Wednesday, November 4, 2009

Seeing Lauren Bacall in 1999

Acclaimed Actress Lauren Bacall & Famed Interviewer 
Sir David Frost Come to Washington, D.C. 


By Gregg J. Donaldson 



Acclaimed Actress Lauren Bacall and famed Interviewer Sir David Frost, visited Washington, D.C., as part of the Greater Washington Society of Association Executives, (GWSAE) The Nation’s Capital Distinguished Speaker Series on March 1, 1999. 

Actress Lauren Bacall graced the stage once again, and sat down for a candid 1 1/2 hour interview with Sir David Frost, spanning her life and career in the movies, stage and television, to a capacity-filled crowd at the Kennedy Center’s Concert Hall, Monday evening. 



One of the hallmarks of Sir David Frost’s remarkable career is his landmark interviews. He has interviewed the six most recent U.S. Presidents, the five most recent Prime Ministers of Great Britain as well as many in the Royal Family and many other world leaders. However, Frost is no stranger to interviewing celebrities, the roster ranging from Orson Wells to the Beatles.



The audience was treated to brief clips of Ms. Bacall’s film career and an introduction of her by Jack Valenti, President and CEO of the Motion Picture Association of America, called Bacall “a friend of many years, Betty as she is known to her friends.” He then recalled a favorite story of Kirk Douglas’s emphasizing her kindness and generosity by him a coat to wear as he was leaving a party, because he had arrived in his shirtsleeves and it was cold outside. Valenti told the audience they were going to be in another picture together called, “Diamonds” and encouraged us to go see it when it is released. Their first was, “ Young Man With A Horn,” (1950). 



Frost began the interview asking Bacall, “What was like being in a mini-series?” She just coming from playing Million-heiress Doris Duke in CBS’s Too Rich: The Doris Duke Story, her first one (which aired the last weekend in February). She answered, “I enjoyed the experience very much, although her life was very different and sad from how I grew up. Money has never one of my Gods,” she added. 

A native New Yorker, she told Frost, how her Romanian mother raised her and imparted a strong work ethic. He asked, “Who is your heroine?” She said, “Betty Davis,” without hesitation. She then told stories of meeting her, first in high school, I was so nervous, I stammered. Then years later, when I was doing Applause, (a musical play about Margo Channing and All About Eve, (a role that Davis originated in the movie). “She came to see me backstage and as she left, she said ‘You’re the only person that could do it and you know I mean it,’” Bacall said. 

The role gave her a Tony Award, a Sarah Siddons Award, a national tour, and her first year on the London stage, which garnered her an Evening Standard Award. 

Always aspiring to act, she made her earliest forays into acting as a student at the New York School of the Theatre and the American Academy of Dramatic Arts. She also made a living briefly as a model. Although, she appeared in Harper’s Bazaar Magazine, and others, she said of modeling, ”I don’t think I was particularly good at it and it is hard to pose.” 
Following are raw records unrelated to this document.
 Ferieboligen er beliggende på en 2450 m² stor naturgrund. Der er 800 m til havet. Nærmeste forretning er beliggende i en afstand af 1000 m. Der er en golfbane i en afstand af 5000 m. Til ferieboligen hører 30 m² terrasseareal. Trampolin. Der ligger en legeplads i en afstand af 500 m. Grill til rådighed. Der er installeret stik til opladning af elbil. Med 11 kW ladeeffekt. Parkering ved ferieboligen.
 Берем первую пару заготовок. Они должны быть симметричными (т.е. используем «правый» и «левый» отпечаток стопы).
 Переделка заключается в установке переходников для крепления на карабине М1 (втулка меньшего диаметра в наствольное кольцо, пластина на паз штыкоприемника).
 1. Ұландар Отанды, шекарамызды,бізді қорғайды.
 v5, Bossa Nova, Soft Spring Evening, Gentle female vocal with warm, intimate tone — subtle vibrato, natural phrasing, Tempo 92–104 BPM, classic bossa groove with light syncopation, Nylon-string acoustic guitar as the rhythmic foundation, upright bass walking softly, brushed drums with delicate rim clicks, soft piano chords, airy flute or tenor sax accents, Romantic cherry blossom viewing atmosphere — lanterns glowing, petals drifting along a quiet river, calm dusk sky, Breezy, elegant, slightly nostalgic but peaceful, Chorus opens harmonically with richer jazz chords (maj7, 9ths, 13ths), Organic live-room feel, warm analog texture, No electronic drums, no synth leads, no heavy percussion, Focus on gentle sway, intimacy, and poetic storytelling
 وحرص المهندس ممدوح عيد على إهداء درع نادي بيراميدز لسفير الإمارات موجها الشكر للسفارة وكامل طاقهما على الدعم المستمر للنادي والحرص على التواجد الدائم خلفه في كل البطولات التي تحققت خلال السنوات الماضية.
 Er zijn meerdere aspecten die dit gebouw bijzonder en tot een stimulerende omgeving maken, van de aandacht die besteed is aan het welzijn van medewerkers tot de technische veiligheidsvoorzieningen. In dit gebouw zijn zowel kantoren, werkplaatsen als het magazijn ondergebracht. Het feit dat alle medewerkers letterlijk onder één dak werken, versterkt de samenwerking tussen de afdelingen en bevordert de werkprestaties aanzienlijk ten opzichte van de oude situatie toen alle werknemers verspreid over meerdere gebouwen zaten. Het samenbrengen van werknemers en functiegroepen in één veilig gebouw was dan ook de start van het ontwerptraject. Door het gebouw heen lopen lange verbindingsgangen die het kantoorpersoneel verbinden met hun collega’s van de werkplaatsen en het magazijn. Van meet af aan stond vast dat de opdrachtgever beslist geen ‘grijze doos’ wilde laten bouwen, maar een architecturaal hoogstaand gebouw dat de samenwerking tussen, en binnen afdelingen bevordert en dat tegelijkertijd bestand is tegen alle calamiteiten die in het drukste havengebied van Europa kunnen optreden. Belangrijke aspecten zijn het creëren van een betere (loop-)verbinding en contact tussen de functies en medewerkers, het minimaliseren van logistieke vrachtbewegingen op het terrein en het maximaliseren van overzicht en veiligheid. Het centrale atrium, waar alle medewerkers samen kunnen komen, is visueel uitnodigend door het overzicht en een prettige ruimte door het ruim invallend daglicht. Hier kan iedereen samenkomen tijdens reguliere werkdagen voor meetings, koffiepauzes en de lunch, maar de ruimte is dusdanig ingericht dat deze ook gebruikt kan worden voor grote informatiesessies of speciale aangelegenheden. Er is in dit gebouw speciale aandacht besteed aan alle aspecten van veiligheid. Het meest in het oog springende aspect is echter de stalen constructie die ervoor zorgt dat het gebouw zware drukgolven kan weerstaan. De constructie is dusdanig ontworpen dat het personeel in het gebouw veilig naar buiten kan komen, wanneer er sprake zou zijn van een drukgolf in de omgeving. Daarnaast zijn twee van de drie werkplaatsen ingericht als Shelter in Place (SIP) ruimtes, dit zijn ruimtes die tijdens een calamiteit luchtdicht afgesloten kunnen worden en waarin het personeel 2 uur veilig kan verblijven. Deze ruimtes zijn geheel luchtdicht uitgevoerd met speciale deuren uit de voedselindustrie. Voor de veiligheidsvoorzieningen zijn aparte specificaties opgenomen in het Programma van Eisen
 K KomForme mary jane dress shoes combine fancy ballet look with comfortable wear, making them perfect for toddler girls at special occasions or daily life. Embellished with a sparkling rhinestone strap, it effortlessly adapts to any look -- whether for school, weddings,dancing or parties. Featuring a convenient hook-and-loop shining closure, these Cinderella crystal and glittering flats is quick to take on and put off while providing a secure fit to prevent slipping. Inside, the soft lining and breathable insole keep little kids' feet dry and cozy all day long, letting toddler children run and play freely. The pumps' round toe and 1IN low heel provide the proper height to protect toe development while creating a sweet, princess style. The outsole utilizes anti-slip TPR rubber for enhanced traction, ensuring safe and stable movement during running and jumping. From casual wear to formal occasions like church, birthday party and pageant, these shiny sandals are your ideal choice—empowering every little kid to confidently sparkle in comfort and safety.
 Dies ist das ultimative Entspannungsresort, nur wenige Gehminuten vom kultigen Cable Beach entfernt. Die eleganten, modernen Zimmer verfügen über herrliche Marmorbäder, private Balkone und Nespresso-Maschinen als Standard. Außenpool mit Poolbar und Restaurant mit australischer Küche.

The interview turned to her big break, her film debut in 1944. “To Have And Have Not,” with Humphrey Bogart and their relationship. “Was it love at first sight?” Frost asked. “No, Bacall answered, we would make each other laugh because he knew how nervous I was. It happened gradually.” 

They also starred in such films as, “The Big Sleep (1946), Dark Passage (1947), and John Huston’s Key Largo (1948).” They were married in 1945, and have two children Stephen and Leslie Bogart. She credits Bogart for teaching her much about life, show business and how to leave work, and keep it in the workplace. They also covered Bogart as a father and how they dealt with his cancer. “He was a wonderful father, he had a reputation of having a tough exterior, but he was a real softie,” she said of him lovingly. 
She also said of her years with Bogart, “It was a romantic adventure.” As to his illness, you take your cue from the person that dealing with it. We never dwelt on it and tried to live each day fully,”

Bacall said. 

Ms. Lauren Bacall was also married to actor, Jason Roberts. They have one son, Sam. She has also written two best-selling books: her autobiography “By Myself” for which she won a National Book Award and “Now”. She spoke with forthright candor and seemed at first hard pressed, when asked, whom she admires today? She answered, “I like more foreign films, Roberto Benigni’s‘ Life is Beautiful,’ Sir Ian McKellen of ‘Gods and Monsters,” (She is pulling for him to win an Oscar). She likes Tom Hanks and admires the Redgrave sisters very much. She continued, “Actors used to under contract and there was a sense of family, today producers treat it as a business, they care more about money at the box office. I do admire Steven Spielberg, for making the films he wants to make,” she said.